* _Your assignment_: Here are the records. Write out exactly the lines between the one holding "Si el camino" and the one holding "Совет директоров банка", inclusive.

* _Information provided_:

^^^^^^^^

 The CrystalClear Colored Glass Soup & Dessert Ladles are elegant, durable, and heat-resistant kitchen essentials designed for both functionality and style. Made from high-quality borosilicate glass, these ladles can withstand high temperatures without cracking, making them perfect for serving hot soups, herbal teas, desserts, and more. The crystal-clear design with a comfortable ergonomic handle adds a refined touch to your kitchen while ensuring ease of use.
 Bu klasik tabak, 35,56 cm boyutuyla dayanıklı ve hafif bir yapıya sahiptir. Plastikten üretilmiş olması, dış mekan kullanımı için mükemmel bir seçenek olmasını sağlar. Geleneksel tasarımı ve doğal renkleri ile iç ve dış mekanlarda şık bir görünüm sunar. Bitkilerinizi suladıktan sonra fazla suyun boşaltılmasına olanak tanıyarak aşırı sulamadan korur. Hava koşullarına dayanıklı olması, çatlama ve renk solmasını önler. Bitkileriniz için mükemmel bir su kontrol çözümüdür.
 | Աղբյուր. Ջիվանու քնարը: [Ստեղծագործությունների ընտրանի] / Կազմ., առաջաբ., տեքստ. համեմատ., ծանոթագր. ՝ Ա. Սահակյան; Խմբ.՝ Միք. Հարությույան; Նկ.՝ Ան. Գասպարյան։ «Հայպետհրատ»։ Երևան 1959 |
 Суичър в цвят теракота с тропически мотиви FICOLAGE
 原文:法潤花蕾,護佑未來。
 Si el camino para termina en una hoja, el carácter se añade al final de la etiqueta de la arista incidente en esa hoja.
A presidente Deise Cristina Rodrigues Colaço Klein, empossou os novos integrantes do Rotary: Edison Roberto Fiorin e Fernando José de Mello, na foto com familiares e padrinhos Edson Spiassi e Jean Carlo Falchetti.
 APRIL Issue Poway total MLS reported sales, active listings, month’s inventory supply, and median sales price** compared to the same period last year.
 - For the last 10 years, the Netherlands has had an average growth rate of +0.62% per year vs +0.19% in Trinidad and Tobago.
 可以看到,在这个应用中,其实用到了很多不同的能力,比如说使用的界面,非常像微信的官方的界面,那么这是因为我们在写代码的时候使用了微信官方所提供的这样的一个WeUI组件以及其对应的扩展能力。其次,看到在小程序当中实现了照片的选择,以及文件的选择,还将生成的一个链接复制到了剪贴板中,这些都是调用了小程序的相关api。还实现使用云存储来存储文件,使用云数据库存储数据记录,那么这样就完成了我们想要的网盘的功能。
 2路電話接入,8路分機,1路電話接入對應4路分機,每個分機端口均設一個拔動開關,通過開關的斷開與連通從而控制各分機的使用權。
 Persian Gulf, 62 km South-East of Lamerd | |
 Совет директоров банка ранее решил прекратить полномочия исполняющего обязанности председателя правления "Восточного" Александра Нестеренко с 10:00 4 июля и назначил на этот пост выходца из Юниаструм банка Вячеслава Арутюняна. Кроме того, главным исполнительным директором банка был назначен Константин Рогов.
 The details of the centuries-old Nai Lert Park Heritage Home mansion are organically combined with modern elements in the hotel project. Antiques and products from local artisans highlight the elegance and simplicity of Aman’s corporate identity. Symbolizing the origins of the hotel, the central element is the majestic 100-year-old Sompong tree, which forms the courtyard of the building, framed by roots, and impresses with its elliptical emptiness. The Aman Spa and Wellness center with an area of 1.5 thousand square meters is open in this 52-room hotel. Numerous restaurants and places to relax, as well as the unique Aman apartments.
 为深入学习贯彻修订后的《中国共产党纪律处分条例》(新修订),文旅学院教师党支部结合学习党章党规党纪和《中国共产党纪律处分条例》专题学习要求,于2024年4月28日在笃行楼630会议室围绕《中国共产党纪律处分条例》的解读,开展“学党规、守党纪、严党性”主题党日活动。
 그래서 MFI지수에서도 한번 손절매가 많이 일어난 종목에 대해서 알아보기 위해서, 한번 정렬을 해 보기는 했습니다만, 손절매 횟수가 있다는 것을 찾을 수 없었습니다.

^^^^^^^^

* _Exercise response_:
 Si el camino para termina en una hoja, el carácter se añade al final de la etiqueta de la arista incidente en esa hoja.
A presidente Deise Cristina Rodrigues Colaço Klein, empossou os novos integrantes do Rotary: Edison Roberto Fiorin e Fernando José de Mello, na foto com familiares e padrinhos Edson Spiassi e Jean Carlo Falchetti.
 APRIL Issue Poway total MLS reported sales, active listings, month’s inventory supply, and median sales price** compared to the same period last year.
 - For the last 10 years, the Netherlands has had an average growth rate of +0.62% per year vs +0.19% in Trinidad and Tobago.
 可以看到,在这个应用中,其实用到了很多不同的能力,比如说使用的界面,非常像微信的官方的界面,那么这是因为我们在写代码的时候使用了微信官方所提供的这样的一个WeUI组件以及其对应的扩展能力。其次,看到在小程序当中实现了照片的选择,以及文件的选择,还将生成的一个链接复制到了剪贴板中,这些都是调用了小程序的相关api。还实现使用云存储来存储文件,使用云数据库存储数据记录,那么这样就完成了我们想要的网盘的功能。
 2路電話接入,8路分機,1路電話接入對應4路分機,每個分機端口均設一個拔動開關,通過開關的斷開與連通從而控制各分機的使用權。
 Persian Gulf, 62 km South-East of Lamerd | |
 Совет директоров банка ранее решил прекратить полномочия исполняющего обязанности председателя правления "Восточного" Александра Нестеренко с 10:00 4 июля и назначил на этот пост выходца из Юниаструм банка Вячеслава Арутюняна. Кроме того, главным исполнительным директором банка был назначен Константин Рогов.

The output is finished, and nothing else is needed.